Kamis, 25 September 2008

UNTUK SEORANG TEMAN…

24 september 2008,

Aku memanggilnya ucok. Dia laki- laki. Tapi bukan anak orang batak. Sama seperti aku, ada keturunan jawa mengental di darahnya. Tapi aku tidak memanggilnya Mas Ucok seperti Mas Untung -anak pakde ku- walopun aku lebih muda setahun darinya. Aku memanggilnya Ucok.

Malam menuju 25 september..
21:30
Motorola-ku bergetar. Bunyinya seperti tawon. Entah dari siapa. Jantungku juga bergetar. Tapi tidak mirip tawon. Aku takut. Takut itu telepon penting. Tapi takut wong usil juga. Jadi aku biarin. Sampe akhirnya aku angkat juga. Getarnya berhenti, tapi tidak jantungku.
Sunyi. Tapi sebentar saja. Kemudian ada suara salam terdengar.
Suaranya berat. Tapi aku hafal. Aku kenal. Ucok rupanya.

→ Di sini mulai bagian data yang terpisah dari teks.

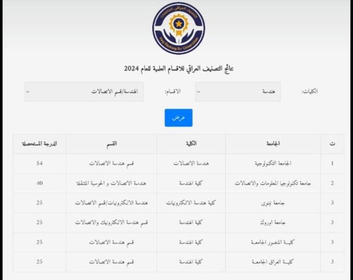 أعلنت وزارة التعليم العالي والبحث العلمي نتائج التصنيف العراقي للجامعات الحكومية والاهلية للعام ٢٠٢٤ ، وحصلت جامعة تكنولوجيا المعلومات والاتصالات على المرتبة 23 من اصل 37 جامعة حكومية وهي الأولى على نظيراتها الفتية.

Ucok bukan tetanggaku. Rumahnya jauh. Dia bukan teman kecilku. Aku kenal dia ketika umurku sudah 20 tahun. Dia bukan teman kuliahku. Kami hanya satu kampus. Dia temannya temanku. Tapi sekarang temanku juga.

Ucok baik padaku. Sangat baik malah. Jadi aku juga mau baik padanya. Tapi aku tak bisa sangat baik. Yang ada aku malah suka. Hehehe. Aku terkekeh. Mana boleh. Tapi ghimana wong aku suka. Jadi aku bilang suka. Hahaha. Dia terbahak. Mungkin aku lucu. Aku suka Ucok, itu lucu. Jadi aku juga Pingin ketawa juga. Tapi aku lebih suka malu.

Dua jam itu berarti tujuh ribu dua ratus detik. Selama itu Ucok ngalor ngidul gak jelas ditelpon tadi. Kasihan. Walopun mata ini tak langsung melihat. Tapi seperti halnya mata hati, aku juga percaya ada mata telinga. Tepat di detik ke 7195, ucok pamit shalat. Malam itu jam setengah 12 malam. Sama seperti telponnya yang dulu- dulu. Aku tau. Ucok capek. Kewajibannya menghibur teman sudah cukup untuk malam ini. Jadi aku lebih suka mengizinkannya tidur duluan.

Klik…
Panggilan berakhir. Seperti disedot oleh mesin waktu, sekejap suara beratnya pulang. Senyap. Aku sendirian. Aku pingin nangis . Tapi aku perempuan. Jadi aku tertawa saja. Kasihan Ucok. Dia terlalu kasihan padaku. Sampai- sampai dia tak sadar, aku juga kasihan padanya.

“ Ucok temanku. Aku, temanmu yang kau kasihani ini, cermin berkabut tebal. Gunakanlah tanganmu, bukan nafasmu untuk menjernihkannya. Sampai yang tegas itu tegas, yang lemah itu jadi kuat. yang sudah kuat janganlah dilemahkan. Yang sudah tegas janganlah dikaburkan.
Tapi terima kasih,Ucok masih temanku. Kemarin. Hari ini. Sampai esok nanti, mungkin.